Your assignment:
Beginning at the line that contains "山東石化總經(jīng)理李" and finishing at the line that contains "Uşak-İzmir Karayolu’nun Yenişehir", output the data below exactly. Include both end lines and no pictures.

____ Data records

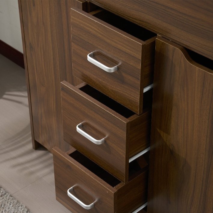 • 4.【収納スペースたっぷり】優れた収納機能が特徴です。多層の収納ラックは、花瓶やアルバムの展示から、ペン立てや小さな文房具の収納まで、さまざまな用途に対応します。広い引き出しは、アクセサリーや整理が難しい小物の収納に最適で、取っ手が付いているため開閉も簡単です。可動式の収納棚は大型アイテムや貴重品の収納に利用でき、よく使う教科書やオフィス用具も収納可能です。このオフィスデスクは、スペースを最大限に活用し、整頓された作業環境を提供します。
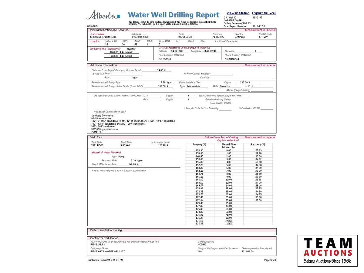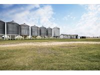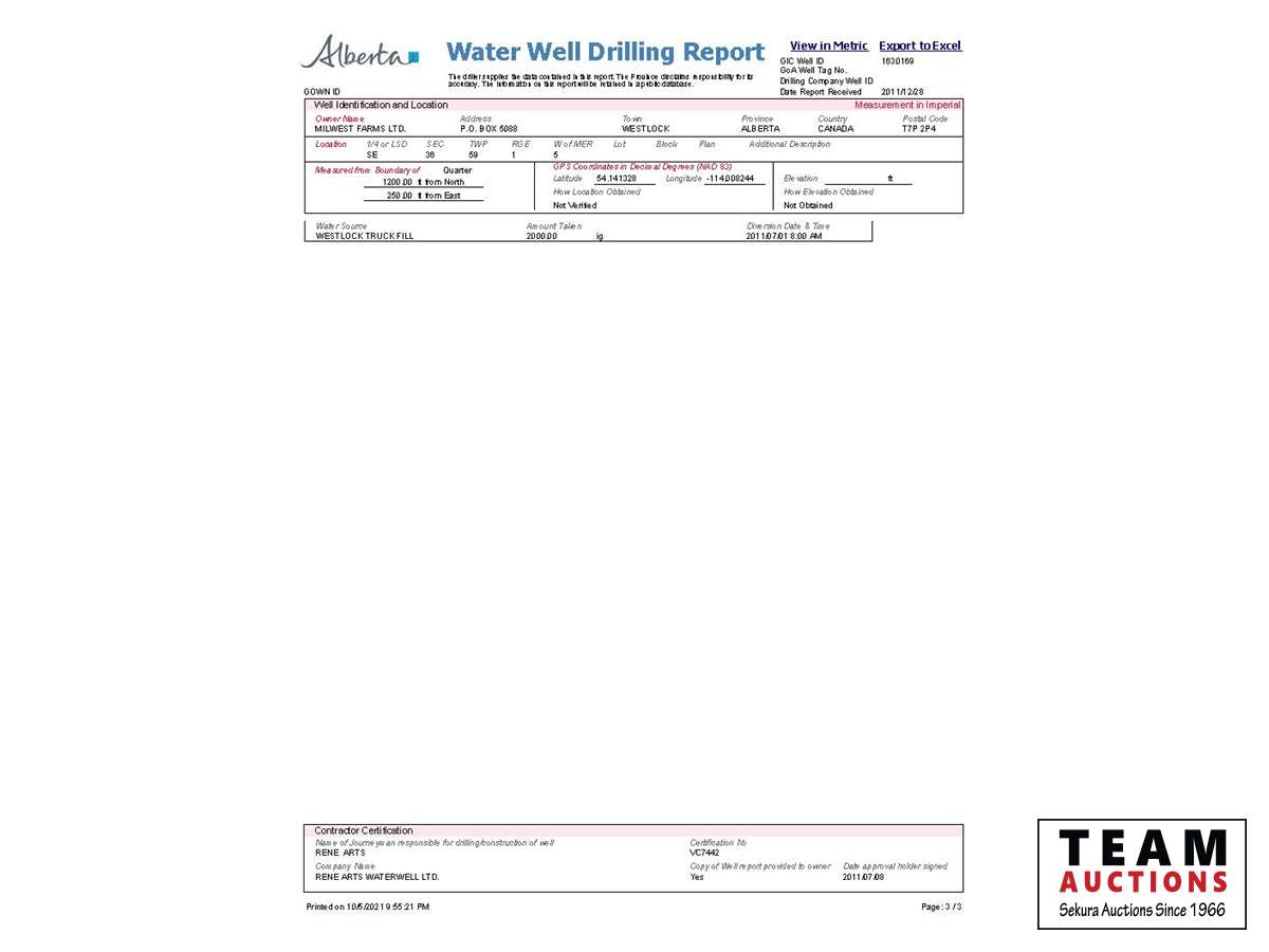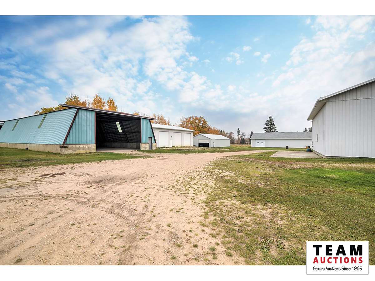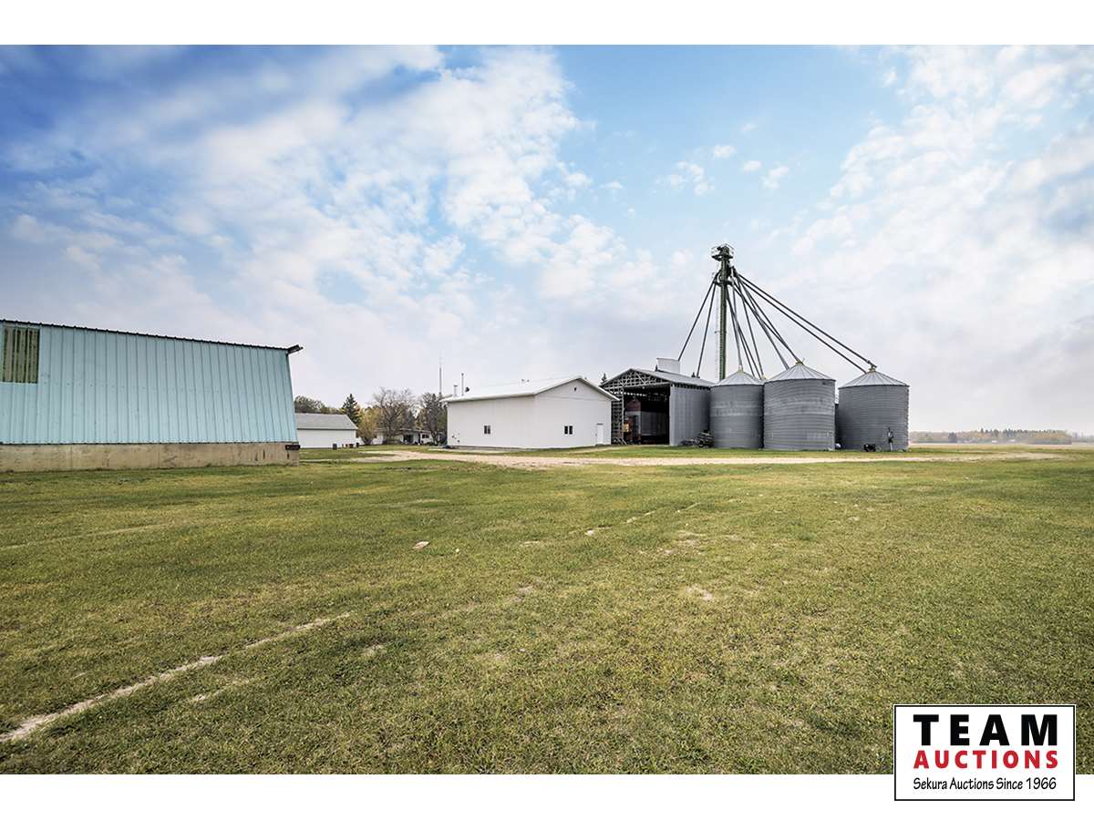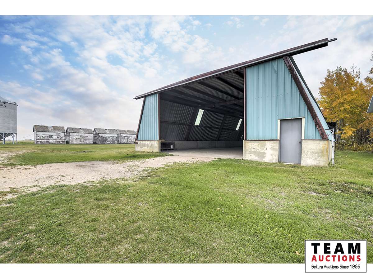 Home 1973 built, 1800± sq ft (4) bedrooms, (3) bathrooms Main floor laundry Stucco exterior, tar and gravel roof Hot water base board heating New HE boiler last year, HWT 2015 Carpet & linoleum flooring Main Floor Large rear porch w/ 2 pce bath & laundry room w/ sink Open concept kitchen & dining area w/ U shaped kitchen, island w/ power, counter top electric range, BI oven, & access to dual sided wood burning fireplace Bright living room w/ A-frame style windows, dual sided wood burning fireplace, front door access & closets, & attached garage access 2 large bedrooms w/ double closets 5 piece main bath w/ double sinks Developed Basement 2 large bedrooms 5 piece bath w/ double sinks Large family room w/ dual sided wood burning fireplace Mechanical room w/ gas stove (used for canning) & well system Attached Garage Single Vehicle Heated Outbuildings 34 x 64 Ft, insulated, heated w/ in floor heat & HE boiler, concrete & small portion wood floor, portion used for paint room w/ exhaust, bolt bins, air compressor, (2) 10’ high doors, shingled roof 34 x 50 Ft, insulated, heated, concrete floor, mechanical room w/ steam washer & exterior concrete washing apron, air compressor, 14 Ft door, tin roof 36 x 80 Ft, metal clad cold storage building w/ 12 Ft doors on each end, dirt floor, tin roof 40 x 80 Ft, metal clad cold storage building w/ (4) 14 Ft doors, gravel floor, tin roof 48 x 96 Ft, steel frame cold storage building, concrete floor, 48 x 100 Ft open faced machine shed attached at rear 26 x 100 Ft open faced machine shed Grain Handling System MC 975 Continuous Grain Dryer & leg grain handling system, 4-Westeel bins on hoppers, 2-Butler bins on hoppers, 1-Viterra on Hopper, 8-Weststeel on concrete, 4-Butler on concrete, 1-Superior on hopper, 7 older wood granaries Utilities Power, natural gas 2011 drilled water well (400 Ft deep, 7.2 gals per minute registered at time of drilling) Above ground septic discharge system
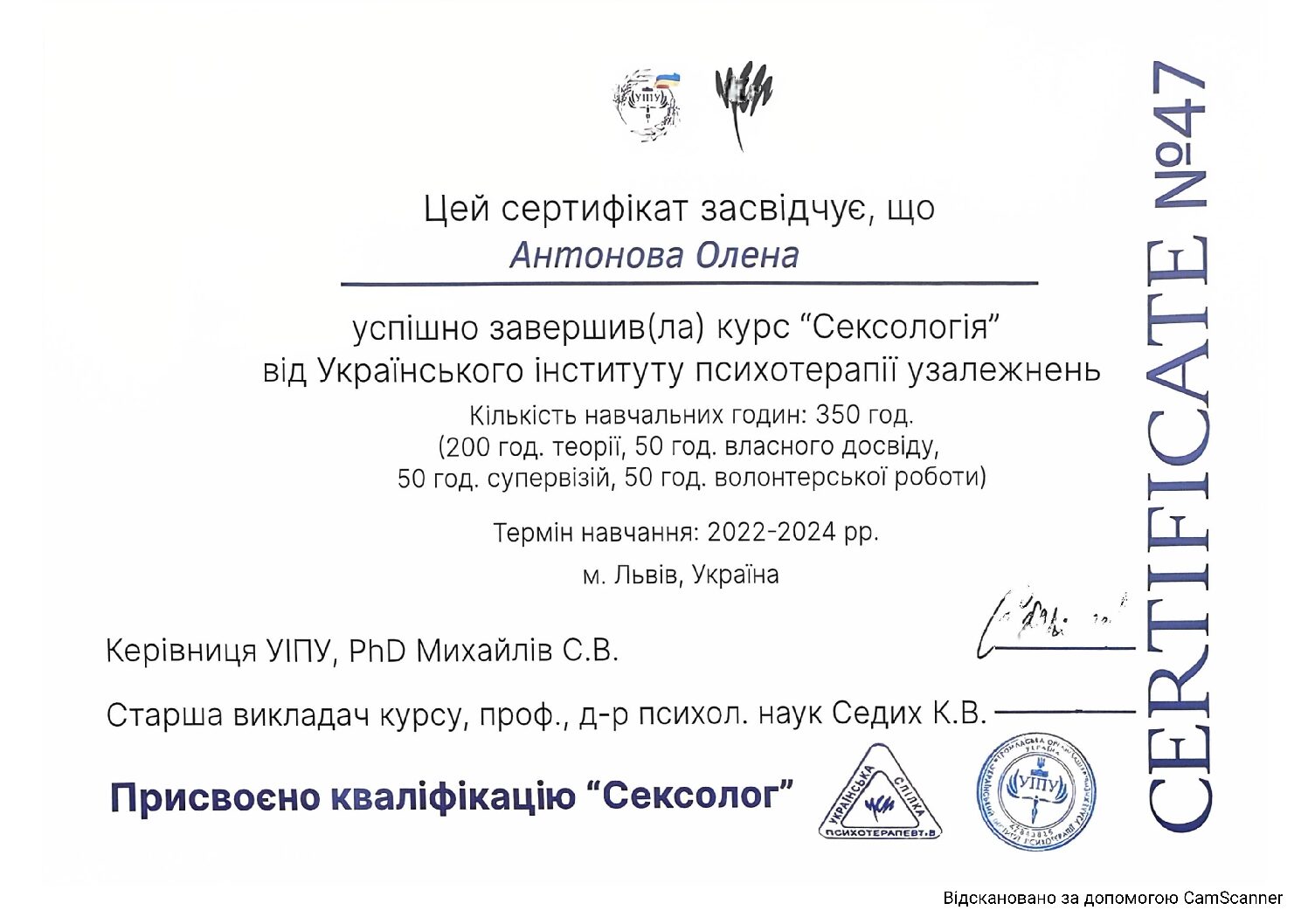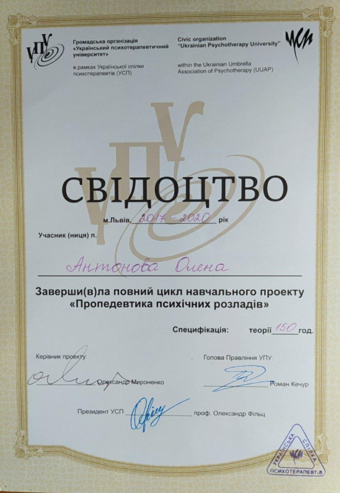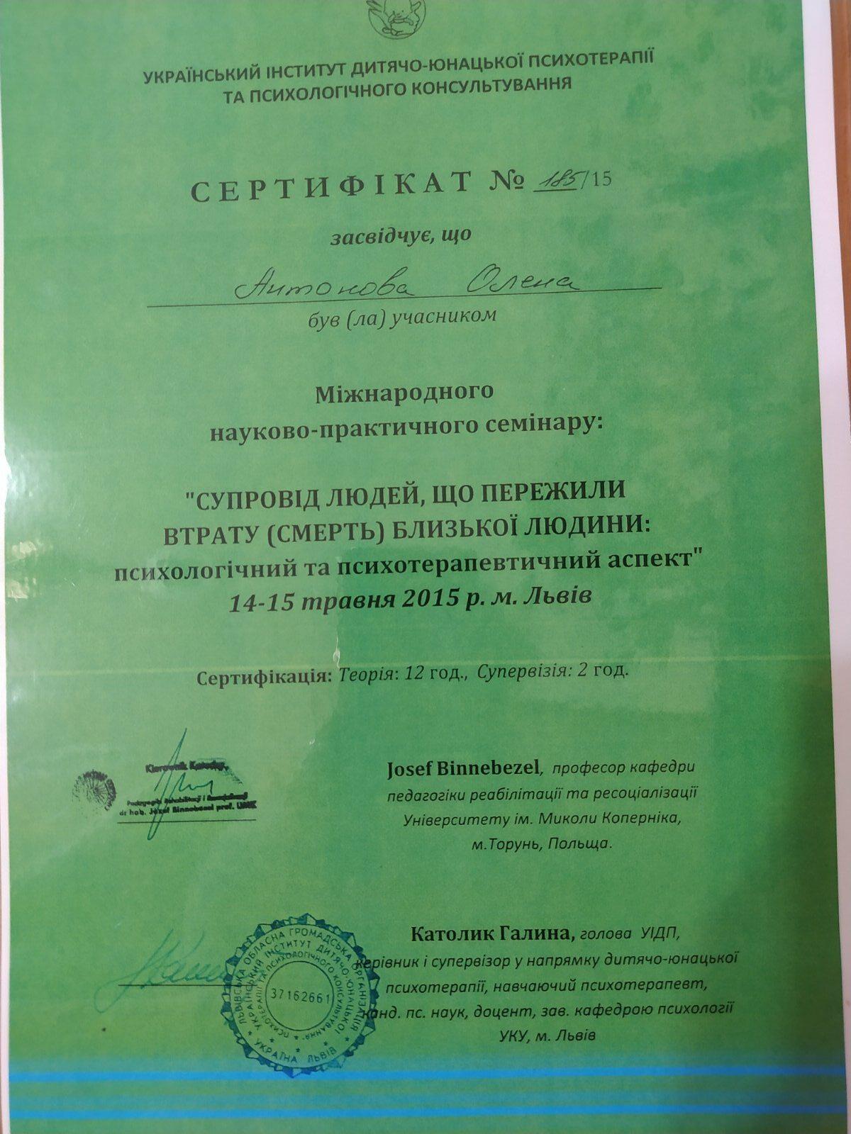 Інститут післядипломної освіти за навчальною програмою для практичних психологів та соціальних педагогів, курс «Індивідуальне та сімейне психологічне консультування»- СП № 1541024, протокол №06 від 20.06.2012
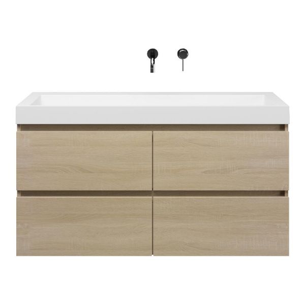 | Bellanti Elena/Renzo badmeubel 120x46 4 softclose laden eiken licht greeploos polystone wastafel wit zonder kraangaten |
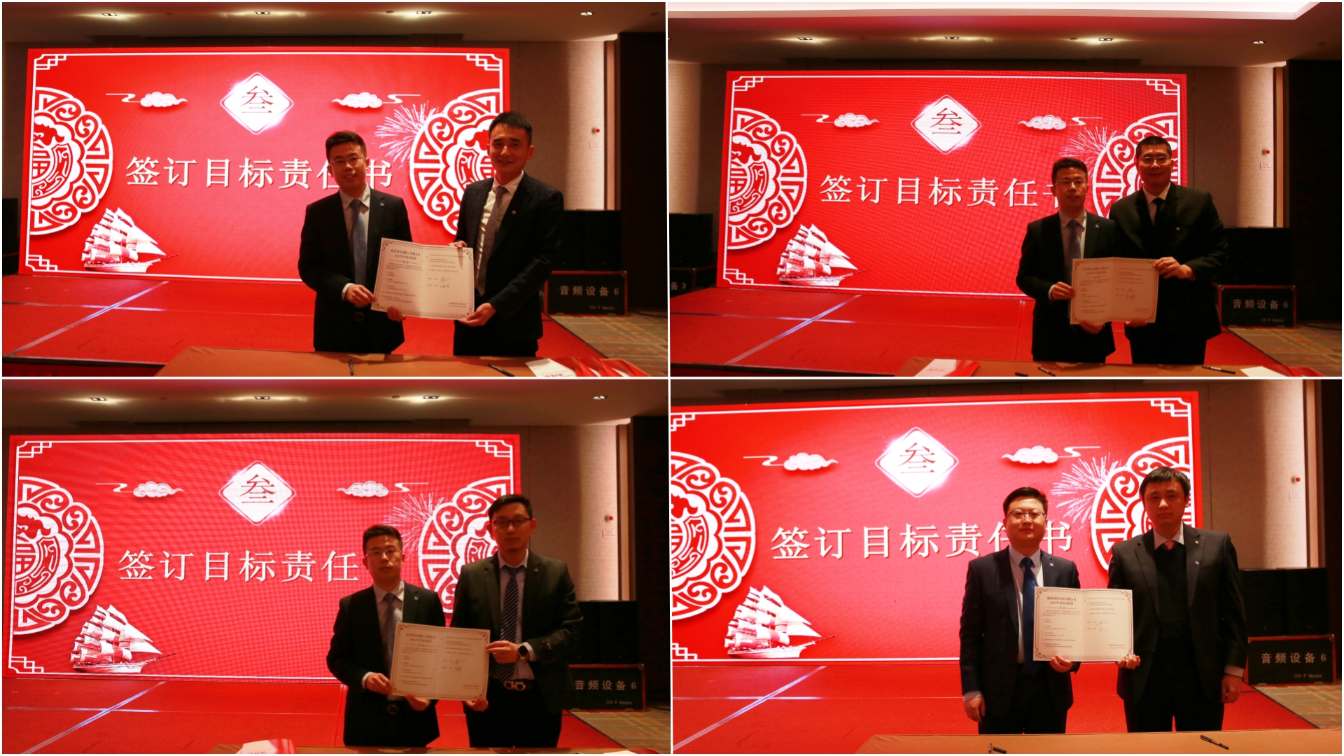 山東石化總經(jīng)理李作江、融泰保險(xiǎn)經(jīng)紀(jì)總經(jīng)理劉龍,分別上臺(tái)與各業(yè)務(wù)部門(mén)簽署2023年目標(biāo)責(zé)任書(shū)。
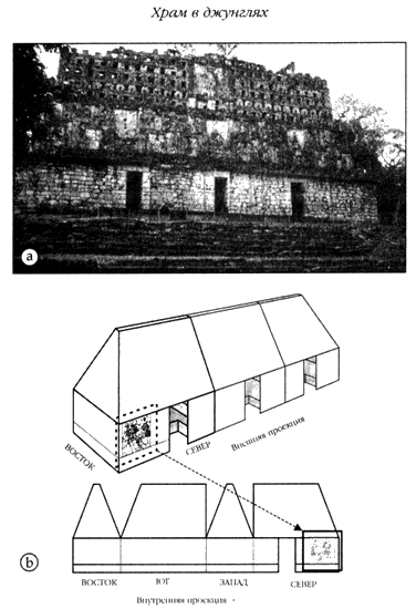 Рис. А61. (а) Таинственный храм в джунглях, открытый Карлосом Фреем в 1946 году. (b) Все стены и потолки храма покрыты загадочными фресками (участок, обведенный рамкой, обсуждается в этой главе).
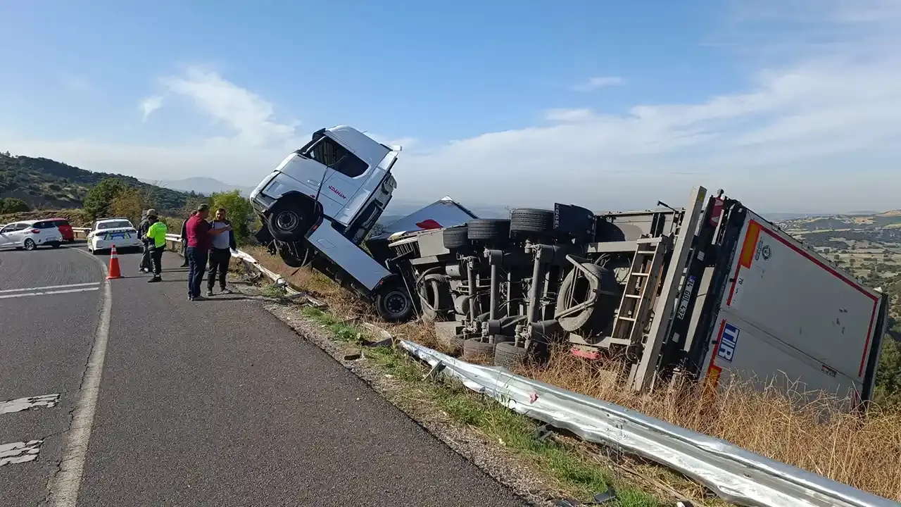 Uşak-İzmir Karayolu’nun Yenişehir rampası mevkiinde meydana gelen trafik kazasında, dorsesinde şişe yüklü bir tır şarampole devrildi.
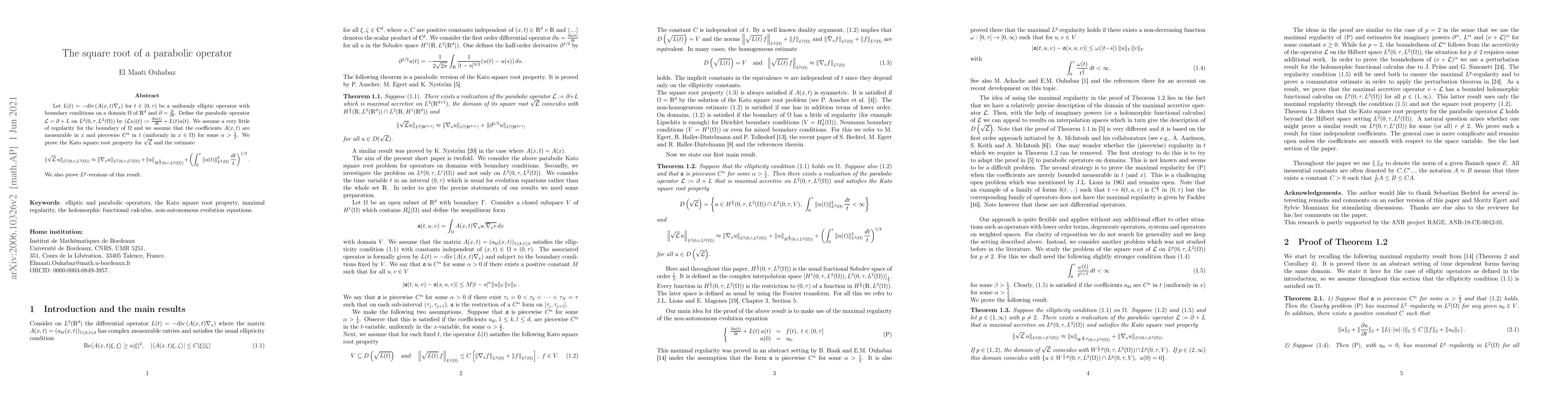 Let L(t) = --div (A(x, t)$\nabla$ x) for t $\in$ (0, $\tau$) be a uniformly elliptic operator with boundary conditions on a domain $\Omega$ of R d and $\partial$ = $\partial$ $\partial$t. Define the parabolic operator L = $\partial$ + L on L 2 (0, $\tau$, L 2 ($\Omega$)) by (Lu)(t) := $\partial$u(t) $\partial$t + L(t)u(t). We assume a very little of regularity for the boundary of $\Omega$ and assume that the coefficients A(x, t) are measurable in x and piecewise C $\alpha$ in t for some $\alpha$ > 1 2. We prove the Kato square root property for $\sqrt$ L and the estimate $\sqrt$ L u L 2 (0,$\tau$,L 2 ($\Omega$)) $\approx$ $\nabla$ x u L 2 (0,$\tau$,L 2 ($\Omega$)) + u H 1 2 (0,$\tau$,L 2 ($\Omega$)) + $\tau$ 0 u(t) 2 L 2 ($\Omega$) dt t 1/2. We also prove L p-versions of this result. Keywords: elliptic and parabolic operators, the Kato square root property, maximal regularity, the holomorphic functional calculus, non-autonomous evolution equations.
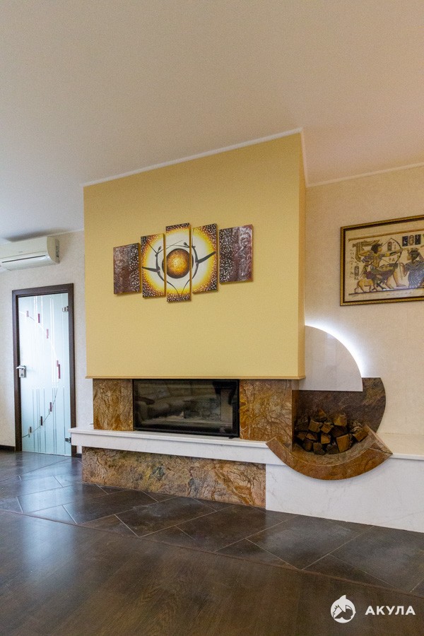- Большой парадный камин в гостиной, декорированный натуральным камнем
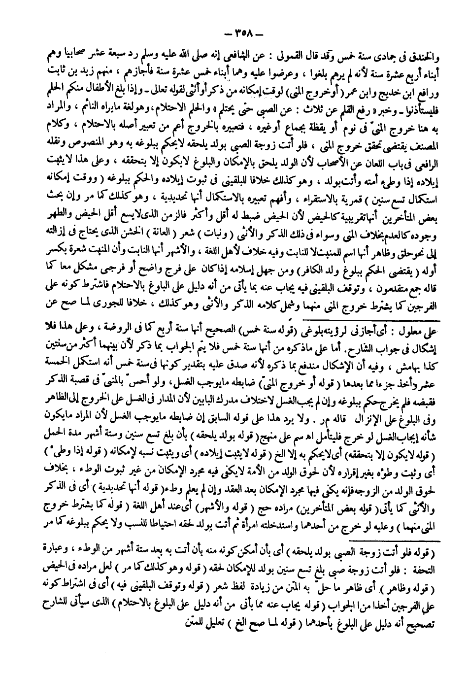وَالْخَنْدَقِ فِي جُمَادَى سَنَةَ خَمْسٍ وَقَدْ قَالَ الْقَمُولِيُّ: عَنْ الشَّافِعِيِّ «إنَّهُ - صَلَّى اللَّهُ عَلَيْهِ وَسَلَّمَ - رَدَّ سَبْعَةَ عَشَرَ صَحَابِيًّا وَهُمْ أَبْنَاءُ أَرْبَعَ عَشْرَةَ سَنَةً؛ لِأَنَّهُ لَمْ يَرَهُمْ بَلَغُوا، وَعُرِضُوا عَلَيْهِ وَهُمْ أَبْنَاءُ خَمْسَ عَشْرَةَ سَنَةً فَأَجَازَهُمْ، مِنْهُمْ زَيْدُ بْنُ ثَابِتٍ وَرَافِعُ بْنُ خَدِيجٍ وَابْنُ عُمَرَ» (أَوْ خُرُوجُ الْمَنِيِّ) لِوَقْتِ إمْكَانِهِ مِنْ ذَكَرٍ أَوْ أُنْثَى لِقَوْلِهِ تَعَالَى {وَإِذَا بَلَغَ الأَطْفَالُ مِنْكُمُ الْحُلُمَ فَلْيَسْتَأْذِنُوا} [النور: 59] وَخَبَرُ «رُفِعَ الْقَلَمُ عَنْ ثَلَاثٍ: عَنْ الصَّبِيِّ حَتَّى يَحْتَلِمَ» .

________

Exercise result:
 山東石化總經(jīng)理李作江、融泰保險(xiǎn)經(jīng)紀(jì)總經(jīng)理劉龍,分別上臺(tái)與各業(yè)務(wù)部門(mén)簽署2023年目標(biāo)責(zé)任書(shū)。
 Рис. А61. (а) Таинственный храм в джунглях, открытый Карлосом Фреем в 1946 году. (b) Все стены и потолки храма покрыты загадочными фресками (участок, обведенный рамкой, обсуждается в этой главе).
 Uşak-İzmir Karayolu’nun Yenişehir rampası mevkiinde meydana gelen trafik kazasında, dorsesinde şişe yüklü bir tır şarampole devrildi.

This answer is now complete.